Expected cumulative number of classifier–noun pairs and unique classifiers and classifier–noun pairs to which children are exposed annually by the number of readings per week. The number of unique classifiers and classifier–noun pairs that are present or absent in child-directed speech is shown in parentheses. All values are rounded to the closest integers. ^aNever is mathematically represented as 0.11 times per week, 1–2 is represented by 1.5 books per week, 3–5 is represented as 4 books per week, daily is represented as 7 books per week, and multiple books per day is represented as 35 books per week

Based on our simulation, children who are read to daily are exposed to 3,229 more classifier–noun pairs cumulatively than their peers who are rarely or never read to. This includes an addition of 1,560 unique combinations and 106 unique classifiers. For children who receive more extensive shared book reading (e.g. five books per day), the input increases further, with an addition of 13,104 classifier–noun pairs (4,247 unique classifier–noun pairs and 27 unique classifiers) than what is experienced through daily shared book reading.

4. General discussion

Focusing on Chinese classifiers, our analyses provide a comprehensive overview of the structural frequency and diversity of classifiers in Mandarin Chinese. This is the first systematic analysis of classifier usage based on large-scale language corpora. In line with our prediction, classifier use in children’s books was shown to be more diverse and dispersed than both child-directed and adult-directed speech. Children’s books made more use of classifiers that were more specific and far less frequent in spoken language, including in TV shows and movies. These findings extend and complement observations from English showing that children’s books provide unique language input that differs from spoken language (e.g. Dawson et al., Reference Dawson, Hsiao, Tan, Banerji and Nation2021; Hsiao et al., Reference Hsiao, Dawson, Banerji and Nation2023; Montag, Reference Montag2019).

We compared the frequency, diversity, and distribution of classifiers in adult-directed speech, child-directed speech, children’s media, and children’s books. The overall frequency of classifier phrases was low (around 6–8 nouns were used with classifiers per 100 nouns), with children’s books containing more classifier phrases. This was not unexpected: although classifiers are grammatically required between a numeral or a demonstrative and a noun, nouns are often used in other structures. However, the low frequency of classifiers does not make investigating exposure to classifiers less relevant. On the contrary, low-frequency constructions may be particularly informative for understanding language development and how reading shapes that development and long-term attainment. Prior research has shown that individual differences in native speakers’ language attainment are more pronounced for complex constructions that are rarer and more unusual than for common ones (Dąbrowska, Reference Dąbrowska2018). More importantly, Dąbrowska also found that while print exposure affected linguistic knowledge in vocabulary, collocation, and grammar, the effect on vocabulary and collocation was stronger because a wider range of frequencies was sampled for these two types of constructions. Therefore, the rarity of classifier–noun pairs in our analyses, especially the rare classifier–noun pairings that only appear in books, may lead to greater differences in the overall classifier input received by individuals who read at different rates. This reinforces the importance of establishing children’s exposure to different classifiers across different contexts and considering this when studying classifier acquisition.

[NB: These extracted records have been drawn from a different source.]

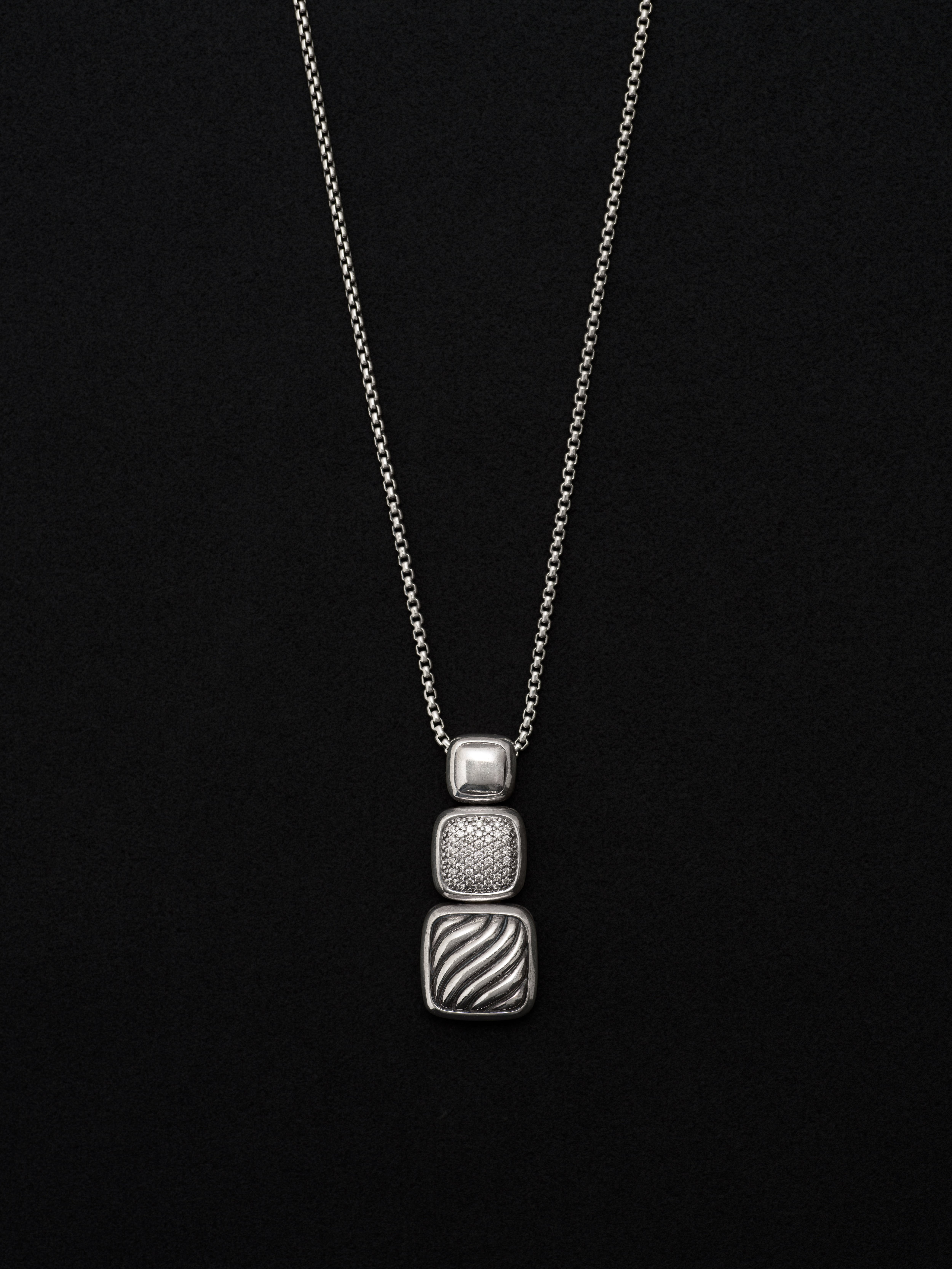 シルバー製のネックレス、ダイヤモンドをパヴェセッティング。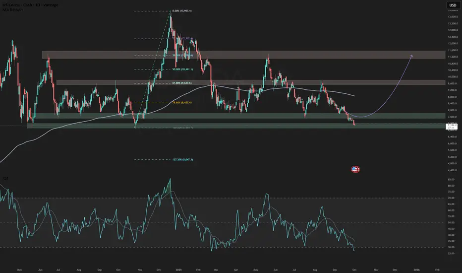 Cocoa has ripped through my first Demand zone and is continuing to the downside but I still believe a huge reversal is going to happen very soon. We can see the price is at a solid Support zone plus the RSI is signaling oversold.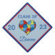 Autism Awareness Graduation Mortar Board Cap tassel topper has a heart filled with puzzle pieces. Edge of topper has a red and a blue stripe going around. Personalized with the year of graduation and the graduates name. You can change the colour and the font of the writing by using the personalize button and then the customize it further button. If you need help, just send me a message here and I'd be happy to help!

Further differences emerged in the diversity and distribution of classifiers across children’s books, TV shows, and speech. Our analysis revealed a stepwise increase in the range of classifiers used from child-directed speech to adult-directed speech, children’s media language, and children’s books, even when controlling for noun diversity. The increased classifier diversity in adult-directed speech compared to child-directed speech is in accordance with previous observations of greater complexity in adult-directed speech (e.g. Cameron-Faulkner et al., Reference Cameron-Faulkner, Lieven and Tomasello2003), providing further support that speakers modulate their speech based on their audience. These results are also in line with the well-documented pattern in English of words being more diverse and complex in children’s books than in conversations (Dawson et al., Reference Dawson, Hsiao, Tan, Banerji and Nation2021; Montag et al., Reference Montag, Jones and Smith2015). Strikingly, by comparing children’s books and adult-directed speech, we found that even adult–adult conversations cannot account for the range of classifiers afforded by children’s books. It would be interesting to compare classifier diversity in adult books versus adult conversations. Following our findings with child-directed text and speech, and those on relative clauses in English (Montag & MacDonald, Reference Montag and MacDonald2015), we predict classifier diversity to be greater in books written for adults.

Turning to the distribution of classifiers, as expected, in all four corpora, classifiers followed the general distribution of word frequency in language, where only a small set of words appear very frequently and the majority forms the long tail of the distribution (Dawson et al., Reference Dawson, Hsiao, Tan, Banerji and Nation2021; Piantadosi, Reference Piantadosi2014; Ramscar, Reference Ramscar2021; Zipf, Reference Zipf1949). This pattern is more prominent in the child-directed speech dataset, in terms of both the number of observations and the pairing of classifiers with different noun types: the four most frequent classifiers accounted for more than 75% of classifier phrases, and the most frequent classifier 个ge4 was used with around 80% of unique nouns. This distributional pattern in child-directed speech aligns with results from studies of children’s own production. For example, across various paradigms, including structured play (Tse et al., Reference Tse, Li and Leung2007), story retelling (Erbaugh, Reference Erbaugh and Craig1986), and picture description (Hao et al., Reference Hao, Bedore, Sheng, Zhou and Zheng2021), studies have consistently shown that children’s classifier production is predominantly formed by the general classifier 个ge4. This reflects the distribution found in spoken language input in our analyses.

Although children’s books followed the same distribution, the less common and more specific classifiers accounted for a higher proportion of the classifier phrases and unique nouns in books compared to speech. In fact, despite 个ge4 being widely considered the general classifier and the default, around 58.7% of unique nouns that appeared in classifier phrases in books did not co-occur with 个ge4 even once, in comparison to the 20.5% in child-directed speech. Furthermore, amongst the nouns that co-occurred with 个ge4 in children’s books, 62.80% were not used with any other alternative classifiers (both see Figure 4), meaning that 个ge4 may be their only available option.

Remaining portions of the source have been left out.